A distinctive appearance and rapid growth are the main reasons why a dichondra is so popular among plant lovers. Whether silver rain is hardy is answered below.


Silver rain is not hardy, which is why the plants are often only planted once a year. If you want to enjoy her for two years or more, you should know the following:

  • Defenses and metabolic functions decrease rapidly at temperatures below twelve degrees Celsius
  • At plus one to zero degrees Celsius, there are usually signs of frostbite (plants can freeze and die)
  • Particularly sensitive when silver rain is cultivated in tubs (cold hits the roots more intensely)
  • Conclusion: silver rain has to hibernate in warmer and, above all, frost-free temperatures

In time for the winter quarters

Experience has shown that night-time temperatures can fall well below ten degrees Celsius as early as October. In the short term, a dichondra can tolerate temperatures of up to around six or seven degrees Celsius, but an exact temperature forecast is usually not possible. Therefore, the winch plant should move to a winter quarters early on. The end of September/beginning of October is the recommended time – but at the latest when the daytime temperatures drop to ten degrees Celsius it becomes clear that silver rain is not hardy.

Ideal winter quarters

In order for a dichondra to survive the winter well and thrive again the following year, the new location in the winter quarters has to meet various requirements:

  • Ambient temperatures: at least ten degrees Celsius – better 15 degrees Celsius – growth stops below twelve degrees Celsius
  • Temperature must not fall below ten degrees
  • Light: bright, but no direct sunlight
  • No draft
  • No dry room air
  • Optimal locations: cool bedroom, stairwell, unheated conservatory


Silver rain requires some preparation before moving to winter quarters. These help the plant to get through the winter season well:

  • Check for pests early and fight them if necessary
  • Last fertilization about six weeks before the planned move (if no long-term fertilizer was used)
  • Cut off dried and woody parts of the plant about four weeks before changing location
  • Otherwise, do not cut back again from late summer (could damage young shoots)
  • Pot and balcony plants: allow the soil to dry well, otherwise there is a risk of rotting
Note: The dichondra has no poisonous plant parts and can therefore also be placed in winter locations to which children and pets have access. The common black locust (Robinia pseudoacacia) is often referred to as silver rain, with the bark in particular being highly toxic.

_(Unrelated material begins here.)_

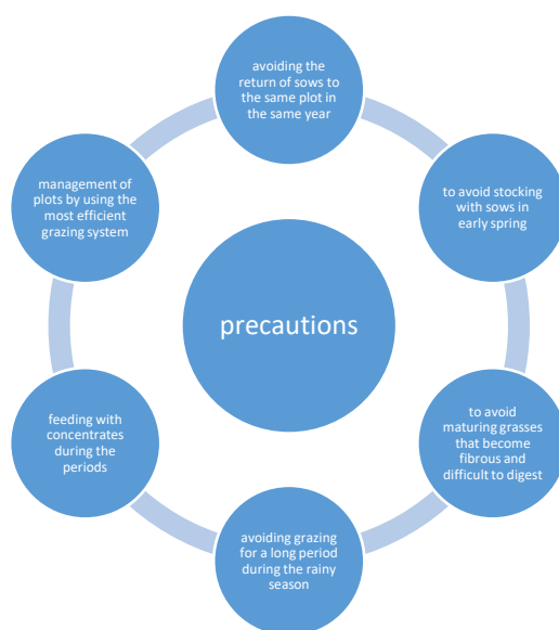
Figure 2. Precautions in the implementation of the most effective alternative technology for obtaining additional meat on pasture

Silver rain in the garden bed

If silver rain is planted in the bed, it cannot spend the winter there and must be planted out. Thanks to the protection of thick layers of soil, they can theoretically move to their winter quarters later than tub/potted plants. However, there is still a risk of frostbite above ground parts of the plant, which is why ideally it should move to the winter quarters by the end of September/beginning of October or at constant temperatures of ten degrees Celsius. The following must be observed:

  • Dig up carefully without damaging roots
  • Plant in sufficiently large tubs/pots (roots must not snap off)
  • Use high-quality substrate (reduces mold growth and risk of rot)
  • Only choose a pot/bucket with a drainage hole (to avoid waterlogging)
  • Water only minimally after pot/tub planting
Tip: If planting in and out is too much trouble for you, dichondras can also be planted in a suitable pot in the garden bed. This saves hobby gardeners and the plants having to change the soil/substrate before and after wintering.

Silver rain in the bucket

With dichondras in pots, the outside temperatures are to be observed meticulously. If they are surprised by sudden ground frost, a few hours are often enough to end their lives. When the nights get cooler, we recommend at least moving to a location that is protected from rain and wind, until it finally goes to winter quarters. It is important that the substrate dries and is loose before moving. If there is no looseness, compaction increases the risk of mold and rot.

watering in winter

Because neither sun nor heat allows irrigation water to evaporate and dichondras only have a low water requirement in winter, only minimal watering is required. The first two to three centimeters of soil should be well dried before watering again. Complete drying out during the winter season should be avoided in any case. The best time to water is to determine the “thumb test”. The thumb is pressed into the surface of the earth and the watering requirement is determined via the depth of the impression as follows:

  • Deeper than two/three centimeters: do not water
  • Less than two centimeters deep: pour
Note: Only water that has the same temperature as the environment should be used. If it is significantly colder, it can lead to a ‘cold shock’, which is equivalent to frostbite and can result in death.

end hibernation

Hibernation is over for dichondras as soon as no more frost is to be expected. This is the case at the latest after the Ice Saints in mid-May. At this time, the new growing season of silver rain begins. In order to sprout again, the plant now needs warm sun or daylight. It should be noted here that the plant slowly gets used to the new outdoor and, above all, light conditions. A partially shaded location is recommended for the first two weeks. Then it can go to a sunny place.

Tip: If you cut back generously immediately after overwintering, you can usually look forward to lush growth during the growing season.